Will os.walk() work just fine, since it returns a generator? Or, do generators not work like that?

Is this possible?

Brōtsyorfuzthrāx
  • 4,387
  • 4
  • 34
  • 56
  • 4
    Yes, this is exactly why generators are used. – spinlok Apr 02 '14 at 23:53
  • To clarify, is the problem that `os.listdir()` returns a list, which cannot work on a directory with an infinite number of entries? If so, there is no built-in solution that I'm aware of. You need to write a custom C module (I'd recommend using CFFI). – Armin Rigo Apr 03 '14 at 11:21
  • Yes. The problem is that lists can't contain an infinite number of entries.
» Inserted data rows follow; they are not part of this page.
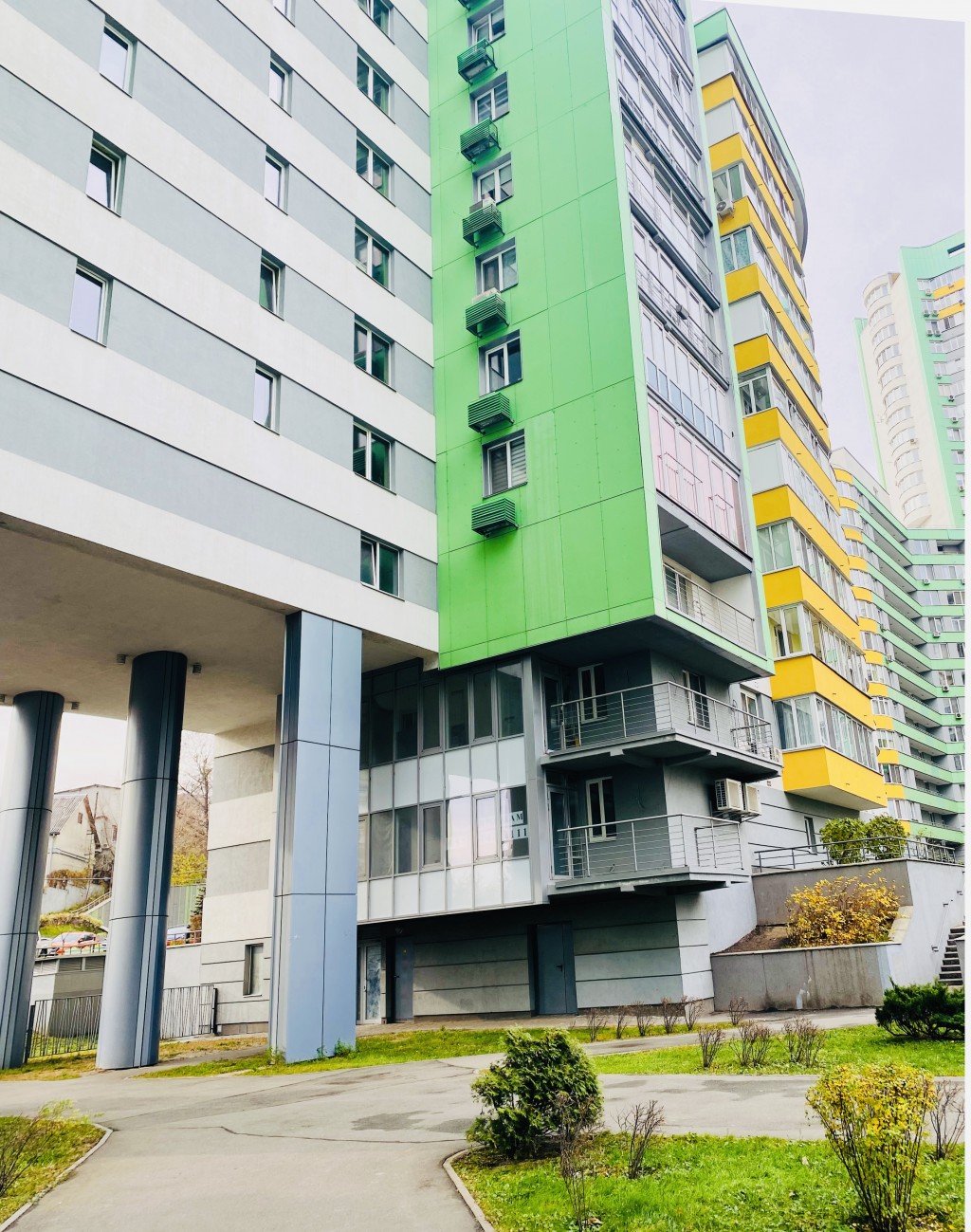 Уличный вход со стороны охраняемого периметра напротив центрального входа в комплекс. Есть возможность подъезда автотранспорта.
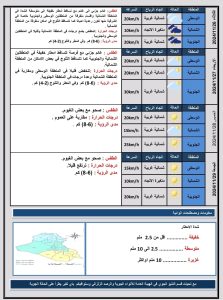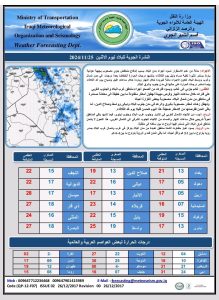 أعلنت هيئة الأنواء الجوية، اليوم الاثنين ، عن تفاصيل حالة الطقس في العراق للأيام المقبلة، فيما توقعت حالة من عدم الاستقرار في عموم البلاد نتيجة منخفض جوي مصحوب بكتلة هوائية باردة، والطقس بين الصحو إلى غائم جزئيا، مع فرصة لتساقط الأمطار في الجنوب والثلوج بشكل خفيف ومتقطع من المناطق الشمالية.
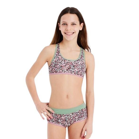 Con il suo look floreale, il PRTDEWI JR di Protest attirerà sicuramente l'attenzione di tutti! Questo bikini è realizzato in un bel tessuto elasticizzato. Con una vestibilità regolare, ha uno stile sportivo perfetto per chi ama nuotare e divertirsi in spiaggia. Lo slip hipster presenta la stessa bella stampa, con una fascia a contrasto intorno alla parte superiore. PRTDEWI JR fa anche parte del nostro impegno per migliorare l'eco-compatibilità delle nostre collezioni. Il tessuto utilizzato è realizzato con materiali riciclati. Inoltre, per produrre questo modello non sono stati utilizzati PFC. Abbiamo invece utilizzato un metodo ecologico. La PRTDEWI JR di Protest, fatta per le vostre avventure estive!
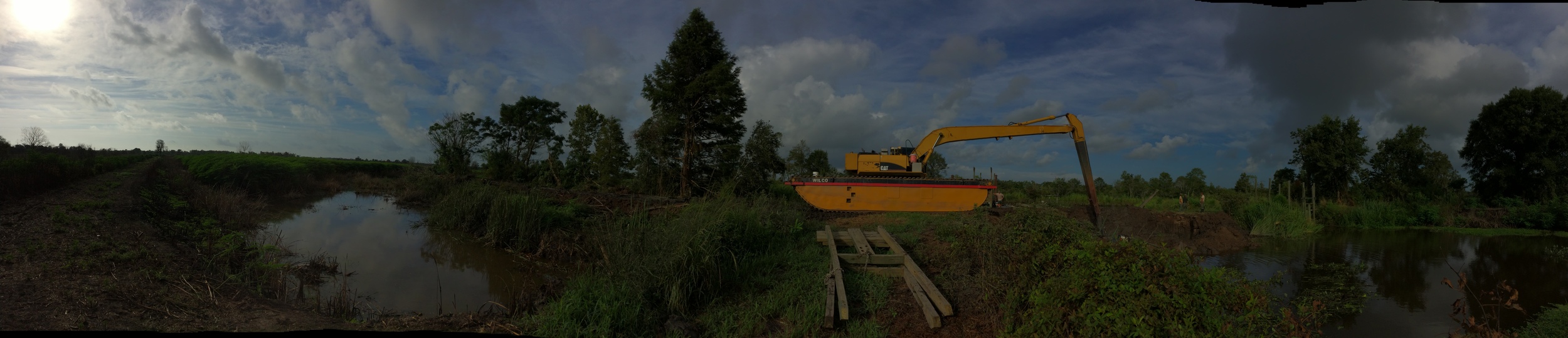 Imagine an ATV pumped up on more steroids than the Russian Olympic team; a massive diesel engine driving a pair of tank-like tracks above which sits a steel platform with just room enough for a cab for the operator and some cargo space. The tracks themselves spin around a set of pontoons, which gives the beast enough buoyancy to cross creeks and streams, with the turning tracks providing enough forward propulsion. It’s slow….and loud – both operator and passenger wear ear protection to guard against the diesel’s incessant roar at anything other than a dead idle – but the thing can go just about anywhere, and where it’s going right now is down and across a dike and ….Splash!… directly into the main canal feeding water to the impoundments of The Cape.
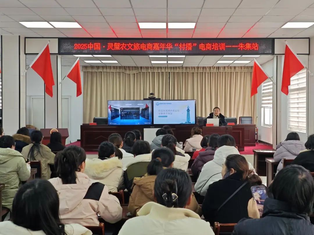 中安在线、中安新闻客户端讯 2025年1月14日上午,2025中国·灵璧农文旅电商嘉年华“村播”电商培训班在朱集镇政府会议室召开,全镇13个行政村的年轻骨干参加本次培训。
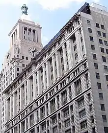 The light bulbs on the tower's clock were replaced in 1994.[68] The tower and facade were repaired once again from 1997 to 2001,[61] and the light bulbs on the facade were replaced in 2008.[69] In 2010, it was officially designated a city landmark by the New York City Landmarks Preservation Commission.[8] By then, the space was occupied by such tenants as the New York Sports Club, the Apple Bank for Savings, and a Raymour & Flanigan furniture store.[61]
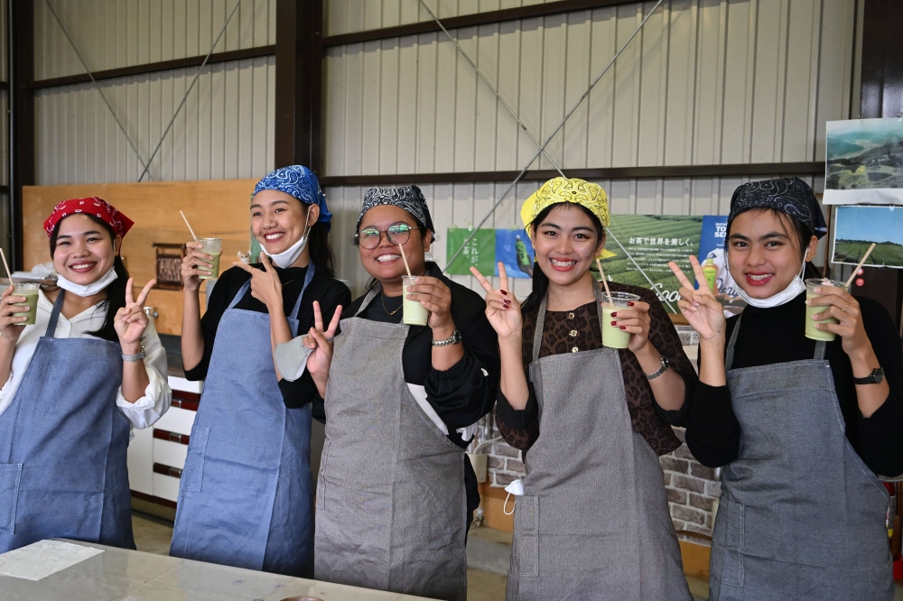 母国語で「乾杯!」して、煎茶ラテを味わいました。
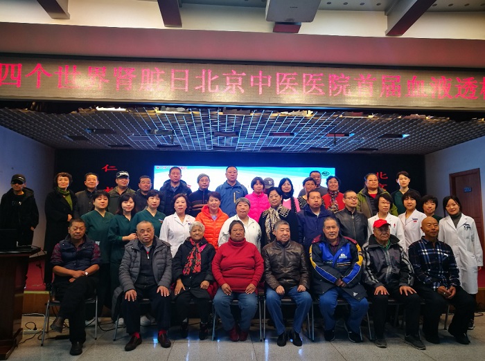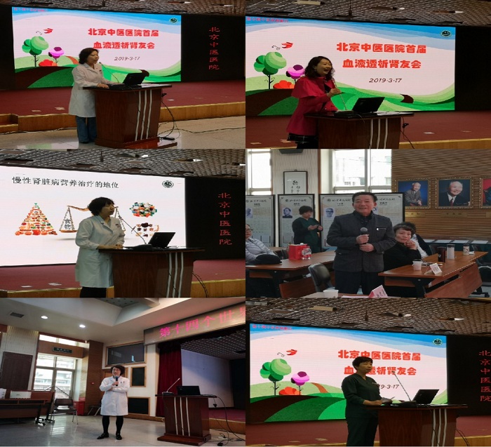 3月17日,肾病科血透室肾友会在我院举行,肾病科主任赵文景及临一党支部书记暴莉莉参会,血透室医护人员、血透患者及部分家属共聚一堂。活动中不仅有医生为大家进行健康知识讲座,带领大家练习八段锦,还有多名透析患者及家属为大家讲授自我管理经验并奉上精彩节目。赵文景主任表示,肾脏疾病是一个“沉默的杀手”,其发病隐匿,因为早期症状极其轻微或根本没有症状而容易被人们忽视,但慢性肾脏病若不断进展危害巨大,不仅导致尿毒症进入透析,还会增加心脑血管疾病的发生率和死亡率。因此,预防和早期发现肾脏病变就显得十分重要。我们希望通过本次系列活动提高大众对肾脏健康的重视,也让患者认识到肾脏疾病早期防治及规范化治疗的重要性,了解中医药在防治肾脏病中的作用,呼吁医患配合,共同呵护肾脏健康。北京中医医院肾病科一直致力于中西医结合防治肾脏病,坚持做慢性肾脏病的贴心陪跑者!(肾病科)
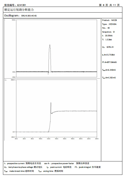 - Tesztelési feltételek: DC 1000V, 320A, szimulált rövidzárlati hiba.
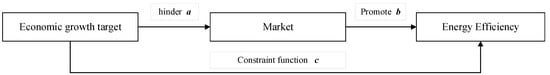 Driven by economic growth targets, China’s rapid economic development has been accompanied by increasing energy consumption and total carbon emissions. The conflicts between the environment, energy, and economic growth are becoming increasingly prominent [1,2]. This energy consumption, which is dominated by fossil energy, has brought serious environmental pollution to China. Among the pollution sources, China’s wastewater, sulfur dioxide, haze, and carbon dioxide emissions are the highest in the world [3]. Having low energy efficiency not only wastes limited energy supplies but also causes a sharp increase in carbon emissions [4]. In order to achieve sustainable economic development and fulfill the international commitments stipulated in the Paris Climate Agreement, the Chinese government has set a series of development goals to reduce energy consumption and carbon emissions. For example, by 2030, China’s energy consumption will be below 6 billion tons of standard coal [5]. Simultaneously, in order to combat global warming, a commitment was made to achieve peak carbon levels by 2030. China, as the world’s largest consumer of energy, is a major source of carbon emissions [6]. However, improving energy efficiency is a crucial way to achieve the carbon peak target. Energy efficiency improvements will reduce energy use, thus solving the energy dilemma in general [7]. Furthermore, improving energy efficiency has become one of the crucial objectives of energy and climate policies, as well as a fundamental way to ensure energy security and sustainable development [4,7]. Market-oriented economic structural reforms can help promote factor market development, which can be further improved to achieve the fundamental role of market mechanisms in resource allocation [8]. With the improvement of marketization, the flow of factors becomes more rapid, and advanced energy-saving and emissions reduction technologies can also be popularized on a large scale and quickly, thus improving energy efficiency [9]. However, under the special institutional background, the constraints of economic growth targets set by governments at all levels in China will affect the operation of the market, which will have a significant impact on marketization. In the past, many local governments took the typical approach of hard constraints on economic growth targets [10].

Armin Rigo, are you refuting what spinlok said by saying you need to write a custom C module? Or am I not understanding? Thanks for your help, everyone. – Brōtsyorfuzthrāx Apr 16 '14 at 01:25

1 Answers1

1

If you have a system for naming the files that can be figured out computationally, you can do such as this (this iterates over any number of numbered txt files, with only one in memory at a time; you could convert to another calculable system to get shorter filenames for large numbers):

import os

def infinite_files(path):
    num=0;
    while 1:
        if not os.path.exists(os.path.join(path, str(num)+".txt")):
            break
        else:
            num+=1 #perform operations on the file: str(num)+".txt"



[My old inapplicable answer is below]

glob.iglob seems to do exactly what the question asks for. [EDIT: It doesn't. It actually seems less efficient than listdir(), but see my alternative solution above.] From the official documentation:

glob.glob(pathname, *, recursive=False)
Return a possibly-empty list of path names that match pathname, which must be a string containing a path specification. pathname can be either absolute (like /usr/src/Python-1.5/Makefile) or relative (like ../../Tools/*/*.gif), and can contain shell-style wildcards. Broken symlinks are included in the results (as in the shell).


glob.iglob(pathname, *, recursive=False)
Return an iterator which yields the same values as glob() without actually storing them all simultaneously.

iglob returns an "iterator which yields" or-- more concisely-- a generator.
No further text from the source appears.